[WORK ITEM] Return every line of the data below exactly, but do not include the images.

[GIVEN MATERIAL]
■ ■ ■ ■

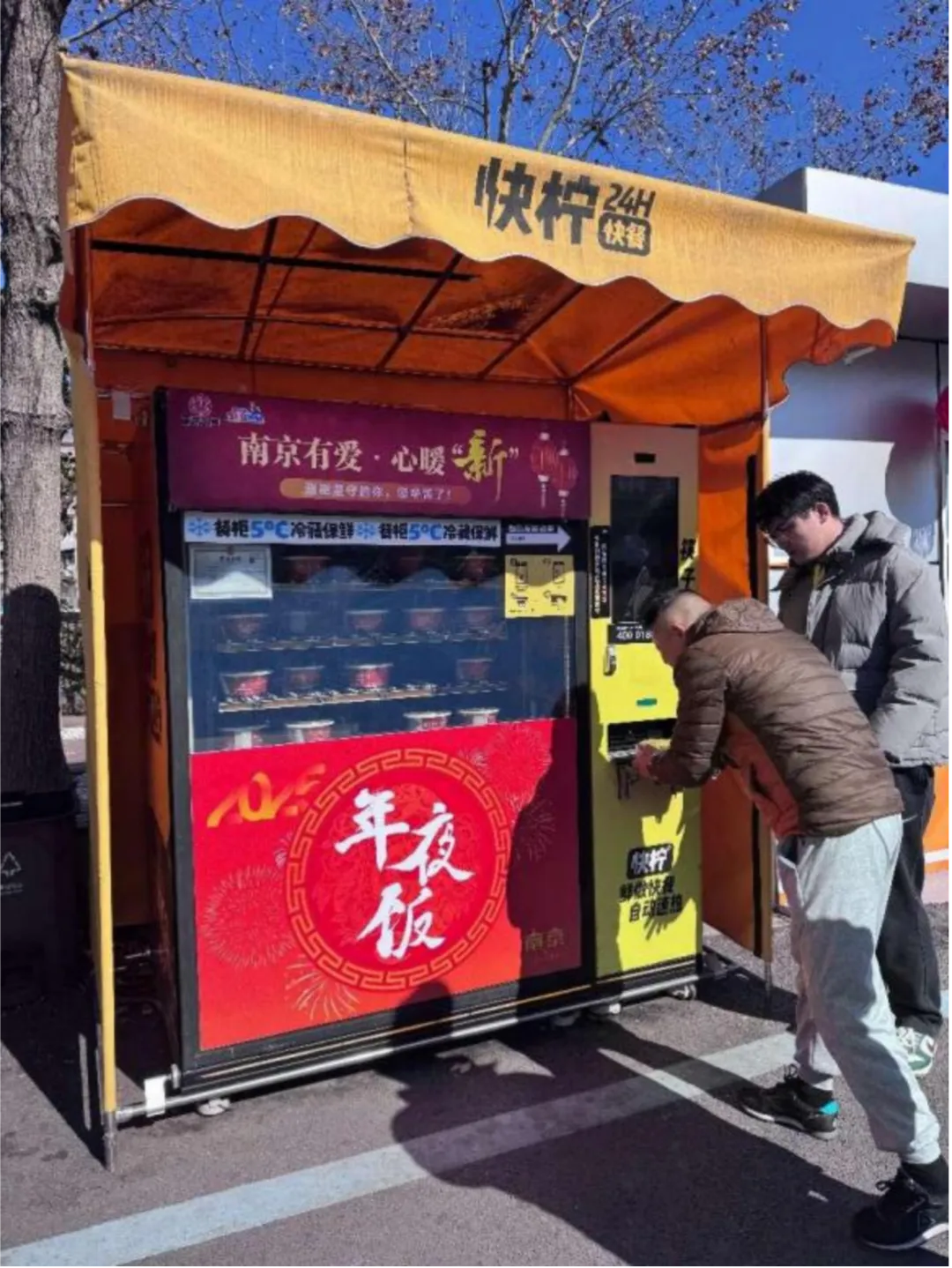 1月28日,2025年的除夕,阳光格外明媚,早上10点半,位于南京湖西街柚子充电的交通“宁小蜂驿站”热闹起来,黄色的驿站小屋被红色的中国结、窗花打扮得格外温暖,小屋旁的是装得满满当当的盒饭机,开网约车、出租车的师傅们已经在盒饭机前排起了长队。这是2025年“南京有爱·心暖‘新’年夜饭”的活动现场,今晚,他们将依旧奔驰在南京街头,送人们奔赴团圆的饭桌,自己却不知道几点才能吃上饭,南京交通给他们准备了一份特殊的年夜饭,全市供应6000份,免费领取。
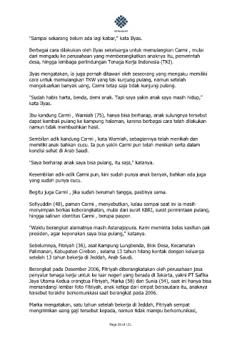Berbagai cara dilakukan oleh Ilyas sekeluarga untuk memulangkan Carmi , mulai
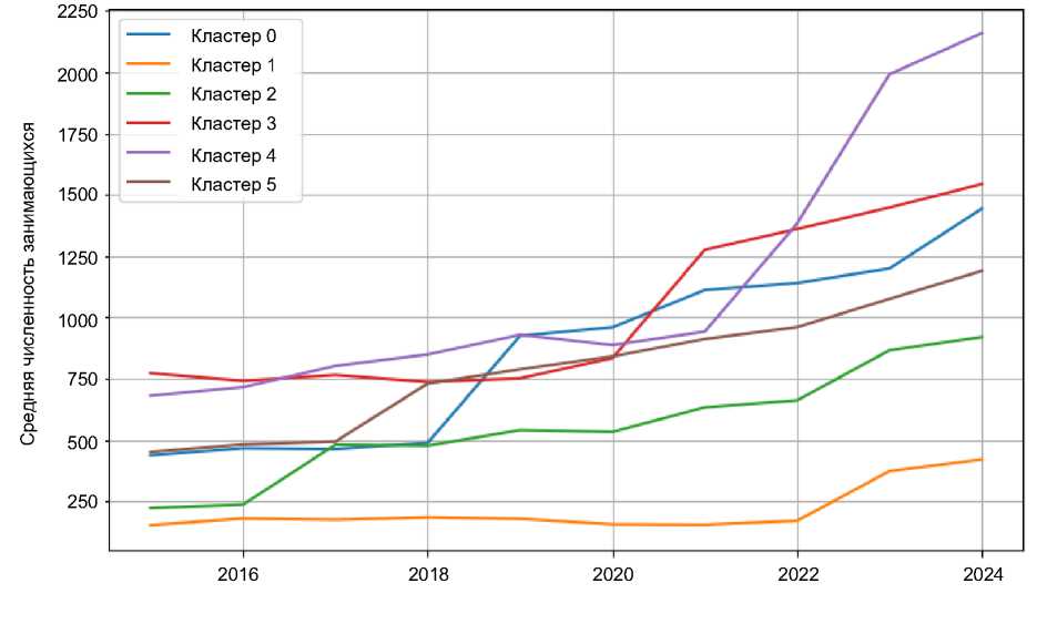 Обобщенные траектории динамики, соответствующие каждому из выделенных кластеров, представлены на рисунке 2. Линии центроидов отражают средние значения численности занимающихся по видам спорта, входящим в соответствующий кластер, и позволяют наглядно сопоставить различия в темпах и устойчивости роста.

■ ■ ■ ■

[EXERCISE RESPONSE]
 1月28日,2025年的除夕,阳光格外明媚,早上10点半,位于南京湖西街柚子充电的交通“宁小蜂驿站”热闹起来,黄色的驿站小屋被红色的中国结、窗花打扮得格外温暖,小屋旁的是装得满满当当的盒饭机,开网约车、出租车的师傅们已经在盒饭机前排起了长队。这是2025年“南京有爱·心暖‘新’年夜饭”的活动现场,今晚,他们将依旧奔驰在南京街头,送人们奔赴团圆的饭桌,自己却不知道几点才能吃上饭,南京交通给他们准备了一份特殊的年夜饭,全市供应6000份,免费领取。
Berbagai cara dilakukan oleh Ilyas sekeluarga untuk memulangkan Carmi , mulai
 Обобщенные траектории динамики, соответствующие каждому из выделенных кластеров, представлены на рисунке 2. Линии центроидов отражают средние значения численности занимающихся по видам спорта, входящим в соответствующий кластер, и позволяют наглядно сопоставить различия в темпах и устойчивости роста.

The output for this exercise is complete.